Za miesiąc skończyłaby 99 lat. Odeszła w piątek.
Babcia mojego męża zawsze była zdrowa. Wszyscy podziwiali jej niesamowitą kondycję. W wieku 90 lat jeszcze pracowała w ogrodzie. Kręciła głową, kiedy ktoś użalał się nad sobą.
- Trzeba być silnym - powtarzała.- Użalanie się nad sobą do niczego nie prowadzi.
Z dala trzymała się od służby zdrowia i leków. Miała swoją filozofię życia.

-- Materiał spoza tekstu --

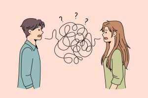 Problems in communication of couple concept. Frustrated young man and woman standing with thorn thread between them having troubles with understanding each other vector illustration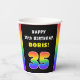 This joyful and cheerful birthday paper cup design features the number “35“ with a multicolored rainbow spectrum inspired gradient pattern, along with the message “HAPPY 35th BIRTHDAY,”, and a personalized recipient name. Birthday themed paper cups like this might be used at a birthday party celebrating somebody’s thirty fifth birthday. [~Z0000639]

Wstawała skoro świt, kładła się spać z kurami. Nie przejmowała się na zapas. Żyła teraźniejszością. Tego nauczyło ją życie.
Przeżyła wojnę. Wywieziono ją na roboty do Niemiec. Dwa i pół roku...
Wróciła.
Zatrzasnęła furtkę tamtych wspomnień i zaczęła żyć od nowa. Niektórzy dziwili się,że nigdy nie opowiadała o tamtym okresie. Chcieli czegoś się dowiedzieć, ale ona nie wracała do tamtych chwil.
Chciała zapomnieć i wydawało się,że zapomniała. Wydawało się, bo...
10 lat temu wybrała mnie na słuchacza ( cała rodzina zastanawiała się, dlaczego ja dostąpiłam takiego zaszczytu, w końcu byłam dla niej tylko żoną wnuka) i opowiedziała wszystko ze szczegółami. Siedziałyśmy obie na ławeczce. Ona opowiadała, a ja słuchałam i płakałam. Nie prosiła o dyskrecję, bo wiedziała, że i tak nie będę w stanie przekazać tego dalej.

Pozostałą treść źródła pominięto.